(Records from a data collection)
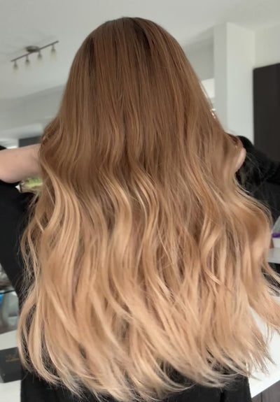 - Level 7/8 short root melt . Lengths are a Level 7 red base with a beautiful ombré fade to soft golden blond ends. Warm tones
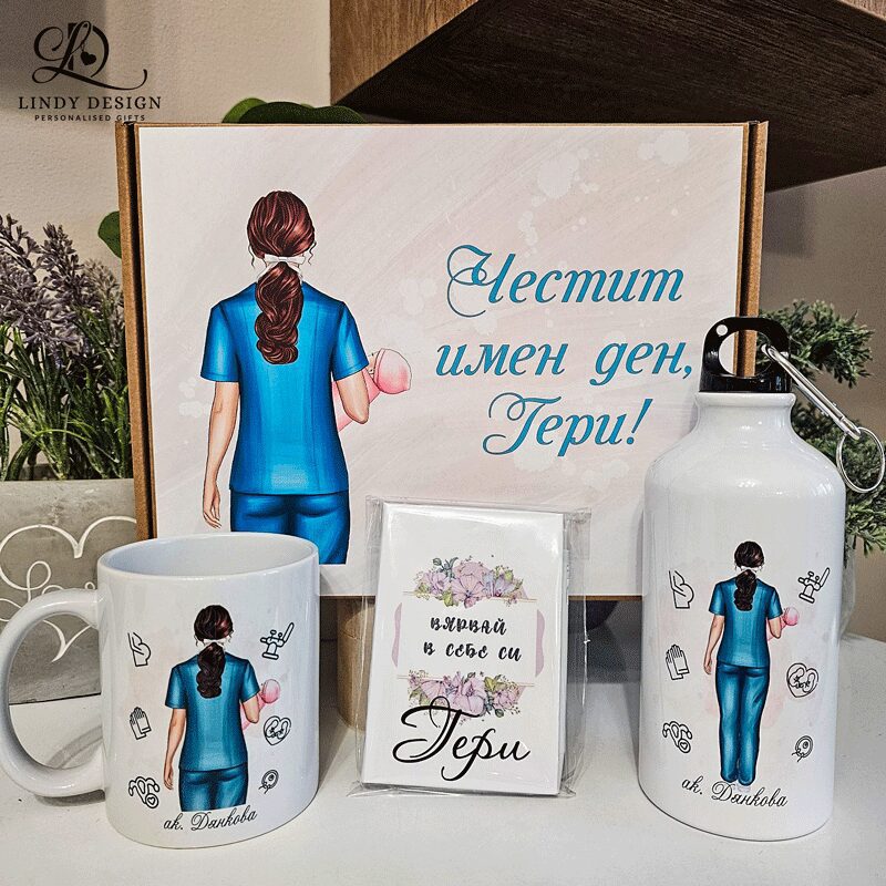 Персонализиран подаръчен комплект от чаша, бутилка и малко бележниче
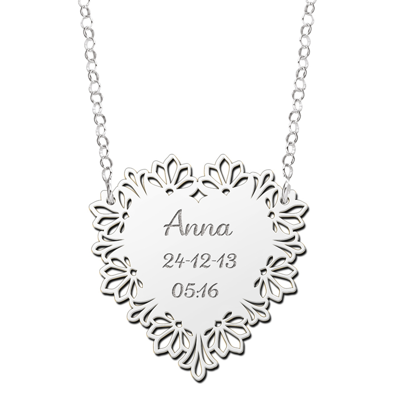 Dit verfijnde mama sieraad is hartvormig met een opengewerkte bloemen omranding.
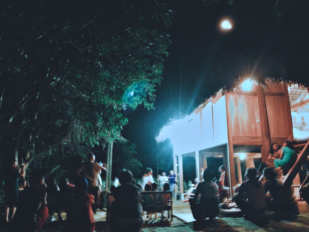 Cả bản kéo lại, đua tài. Mấy đứa con gái, mặc đồng phục, nhảy múa, hát mấy bài đồng dao của người Thái.
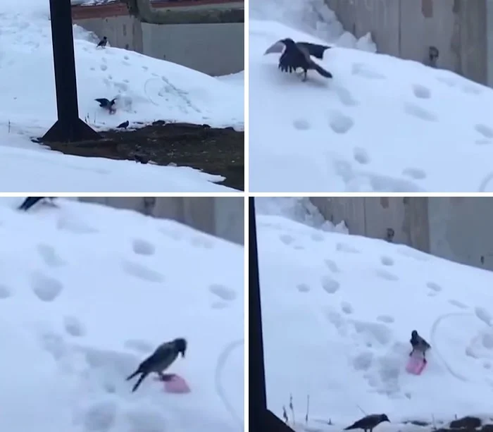 Эти птицы не раз были замечены за забавными действиями. Например, скользили по заснеженным крышам или выполняли воздушные трюки, просто для удовольствия.
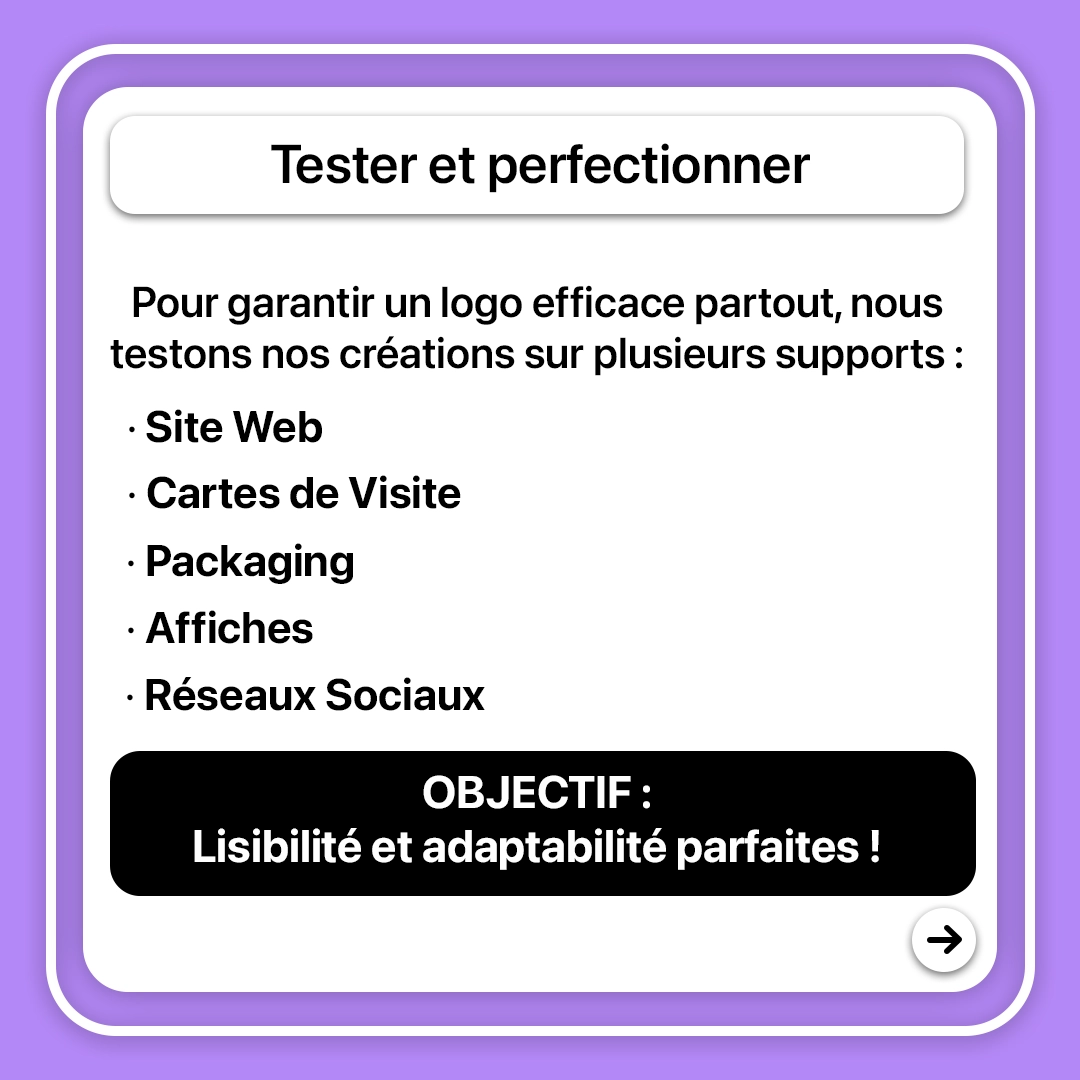 Un bon logo doit être efficace partout : sur un site web, une carte de visite, un packaging… Nous testons nos créations sur plusieurs supports pour garantir une lisibilité et une adaptabilité parfaites.

:: The task ::
Your copy should run from the line that has "Персонализиран подаръчен комплект" through the last line above, exactly, with both ends in and pictures out.

:: Result of the task ::
 Персонализиран подаръчен комплект от чаша, бутилка и малко бележниче
 Dit verfijnde mama sieraad is hartvormig met een opengewerkte bloemen omranding.
 Cả bản kéo lại, đua tài. Mấy đứa con gái, mặc đồng phục, nhảy múa, hát mấy bài đồng dao của người Thái.
 Эти птицы не раз были замечены за забавными действиями. Например, скользили по заснеженным крышам или выполняли воздушные трюки, просто для удовольствия.
 Un bon logo doit être efficace partout : sur un site web, une carte de visite, un packaging… Nous testons nos créations sur plusieurs supports pour garantir une lisibilité et une adaptabilité parfaites.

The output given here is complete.